THE PROBLEM -> Wherever a picture appears in the data below, omit it, and restate everything else word for word.

SUPPLIED RECORDS ->
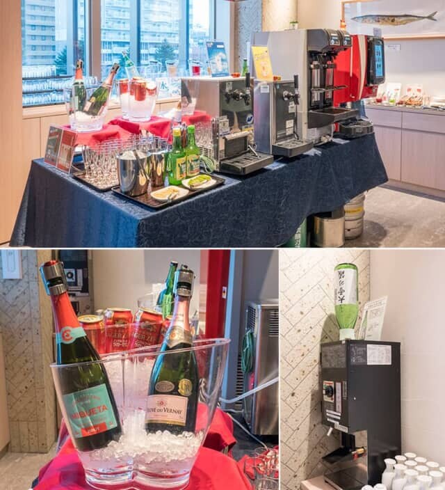 飲み物はレストランの一角にドリンクビュッフェを用意。コーヒーや紅茶にくわえ「函館牛乳」や「ヨーグルッペ」などのほか、さまざまなアルコールを飲めるのは驚きです。スパークリングワインはスペイン・バレンシアの白「ミケタ ブルット」とフランス・ブルゴーニュの「ヴーヴ デュ ヴェルネ ロゼ」。熱燗マシーンまでそろうのは嬉しすぎです。
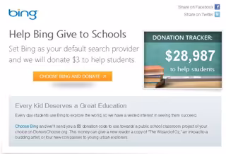 En colaboración con la web DonorsChoose.org, dedicada a la recaudación de fondos para proyectos educativos, Microsoft propone así a los usuarios cambiar a Bing "con un propósito".
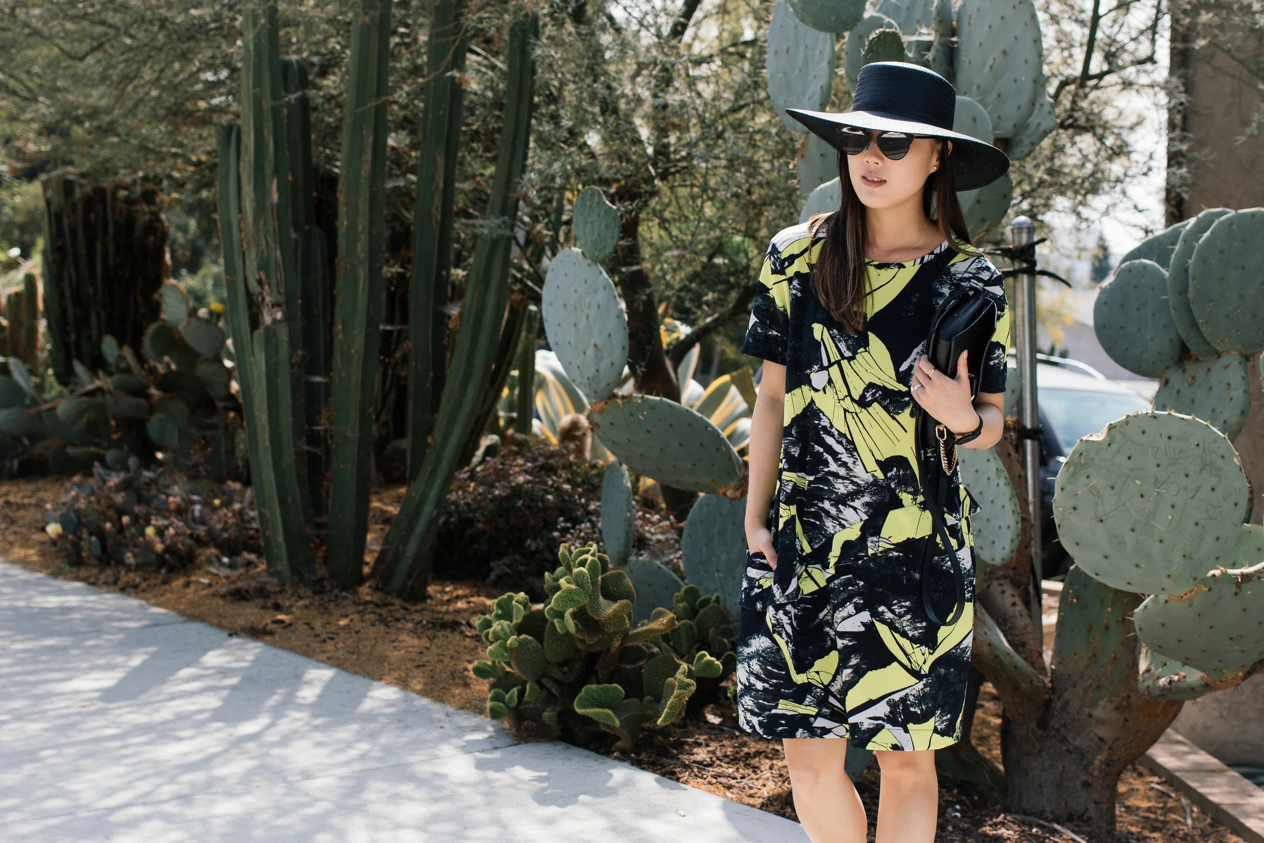 Kenzo Dress, Marni Sandals, Chloé Bag, Dior Sunglasses, Janessa Leone Hat
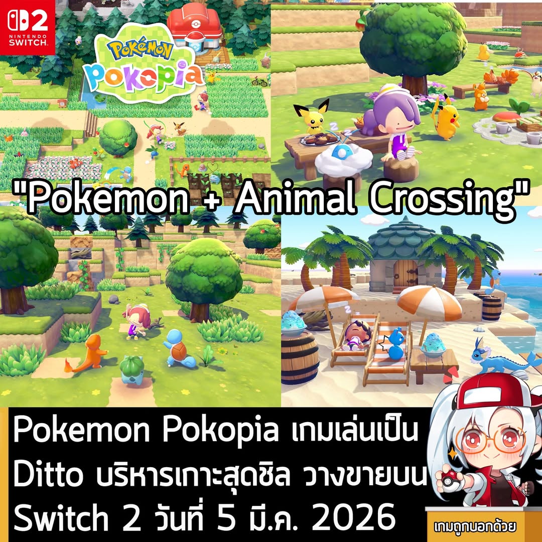 The Pokemon Company, Game Freak และ Koei Tecmo ร่วมกันประกาศว่า Pokemon Pokopia เกมภาคสปินออฟของ Pokemon ที่ให้คุณรับบทเป็น Ditto ที่แปลงร่างเป็นมนุษย์ได้ พบปะเหล่า Pokemon ใหม่ๆ เรียนรู้พลังจาก Pokemon ต่างๆ และพัฒนาเกาะสุดชิล กำลังจะวางจำหน่ายบน Nintendo Switch 2 ในวันที่ 5 มี.ค. 2026
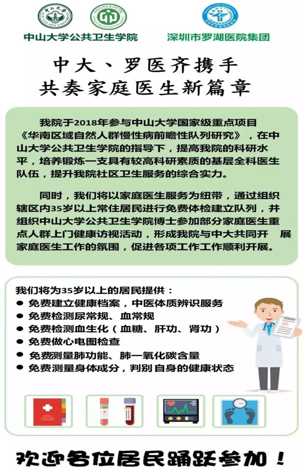 近日,羅湖醫(yī)院集團(tuán)參與了中山大學(xué)國(guó)家級(jí)重點(diǎn)項(xiàng)目《華南區(qū)域自然人群慢性病前瞻性隊(duì)列研究》,將以家庭醫(yī)生服務(wù)為紐帶,通過(guò)組織轄區(qū)內(nèi)35歲以上常住居民進(jìn)行免費(fèi)體檢建立隊(duì)列。
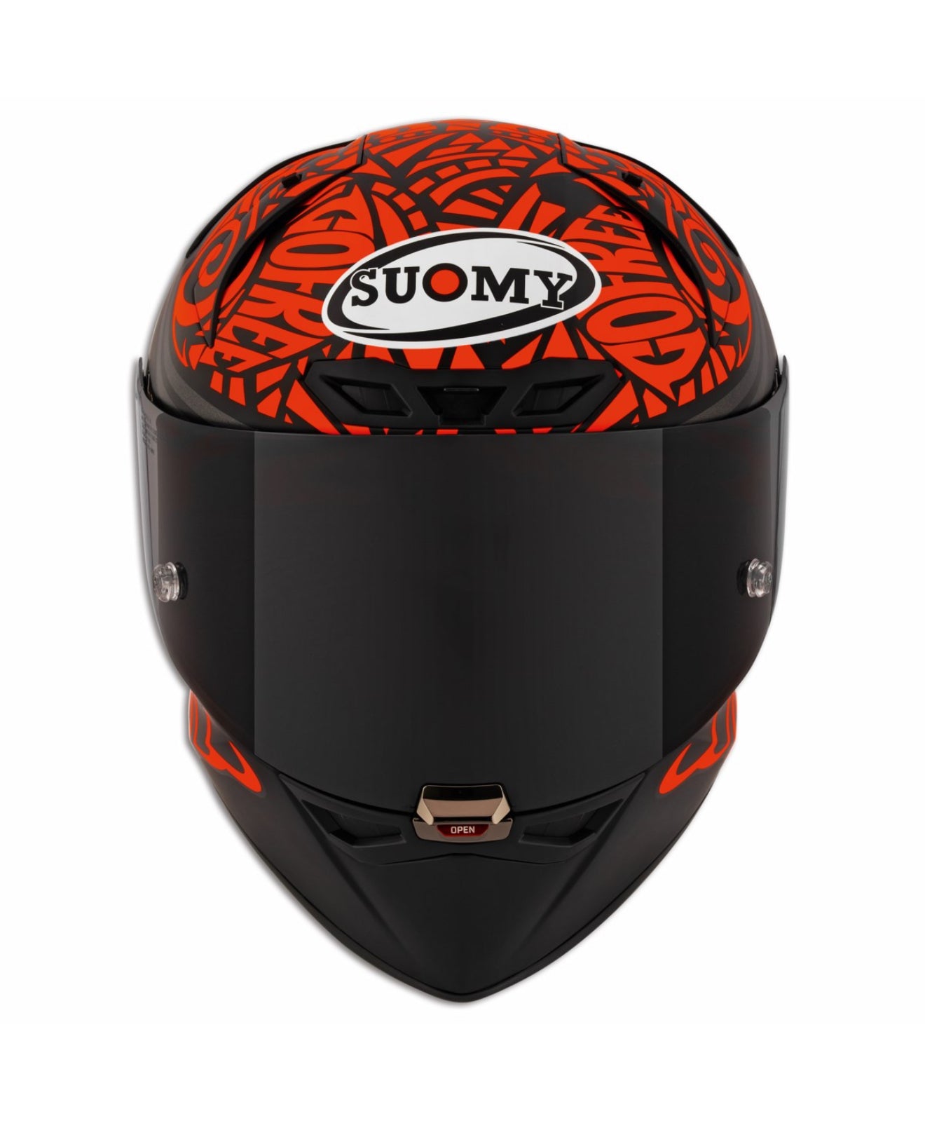 Step into the shoes of the famous racer Pecco Bagnaia with the racing inspired Replica Bagnaia helmet for sports use. The predominant Ducati red on the front and the graphics dedicated to the champion bestow a bold, adrenaline-driven look; those who wear it know what they want and know how to achieve it. The shell is made of TRICARBOCO, a mixture of carbon fiber, with various weights and breaking loads, and aramid composite material, which makes it possible to produce a shell that is lightweight yet impact resistant. The inner shell is made of a differentiated density polystyrene, designed to allow a gradual and progressive absorption of the impact force generated by a collision. The inner liner is made of anti-bacterial treated polyester fabric and has removable, washable and replaceable inner elements and cheek pads. The PINLOCK Max Vision 120 injection polycarbonate visor is in optical class 1 and equipped with a "Racing Lock System" which reduces the possibility of it detaching in the event of a fall. To complete the equipment, there is a D-ring strap closure and front and side air vents which, together with the ventilation system allow for efficient air flow exchange and promote well-being and lucid riding. A high-performance, aerodynamic racing helmet that will allow you to enjoy the thrill of a MotoGP, ensuring safety and comfort during every lap of the track.

RESPONSE BOX ->
 飲み物はレストランの一角にドリンクビュッフェを用意。コーヒーや紅茶にくわえ「函館牛乳」や「ヨーグルッペ」などのほか、さまざまなアルコールを飲めるのは驚きです。スパークリングワインはスペイン・バレンシアの白「ミケタ ブルット」とフランス・ブルゴーニュの「ヴーヴ デュ ヴェルネ ロゼ」。熱燗マシーンまでそろうのは嬉しすぎです。
 En colaboración con la web DonorsChoose.org, dedicada a la recaudación de fondos para proyectos educativos, Microsoft propone así a los usuarios cambiar a Bing "con un propósito".
 Kenzo Dress, Marni Sandals, Chloé Bag, Dior Sunglasses, Janessa Leone Hat
 The Pokemon Company, Game Freak และ Koei Tecmo ร่วมกันประกาศว่า Pokemon Pokopia เกมภาคสปินออฟของ Pokemon ที่ให้คุณรับบทเป็น Ditto ที่แปลงร่างเป็นมนุษย์ได้ พบปะเหล่า Pokemon ใหม่ๆ เรียนรู้พลังจาก Pokemon ต่างๆ และพัฒนาเกาะสุดชิล กำลังจะวางจำหน่ายบน Nintendo Switch 2 ในวันที่ 5 มี.ค. 2026
 近日,羅湖醫(yī)院集團(tuán)參與了中山大學(xué)國(guó)家級(jí)重點(diǎn)項(xiàng)目《華南區(qū)域自然人群慢性病前瞻性隊(duì)列研究》,將以家庭醫(yī)生服務(wù)為紐帶,通過(guò)組織轄區(qū)內(nèi)35歲以上常住居民進(jìn)行免費(fèi)體檢建立隊(duì)列。
 Step into the shoes of the famous racer Pecco Bagnaia with the racing inspired Replica Bagnaia helmet for sports use. The predominant Ducati red on the front and the graphics dedicated to the champion bestow a bold, adrenaline-driven look; those who wear it know what they want and know how to achieve it. The shell is made of TRICARBOCO, a mixture of carbon fiber, with various weights and breaking loads, and aramid composite material, which makes it possible to produce a shell that is lightweight yet impact resistant. The inner shell is made of a differentiated density polystyrene, designed to allow a gradual and progressive absorption of the impact force generated by a collision. The inner liner is made of anti-bacterial treated polyester fabric and has removable, washable and replaceable inner elements and cheek pads. The PINLOCK Max Vision 120 injection polycarbonate visor is in optical class 1 and equipped with a "Racing Lock System" which reduces the possibility of it detaching in the event of a fall. To complete the equipment, there is a D-ring strap closure and front and side air vents which, together with the ventilation system allow for efficient air flow exchange and promote well-being and lucid riding. A high-performance, aerodynamic racing helmet that will allow you to enjoy the thrill of a MotoGP, ensuring safety and comfort during every lap of the track.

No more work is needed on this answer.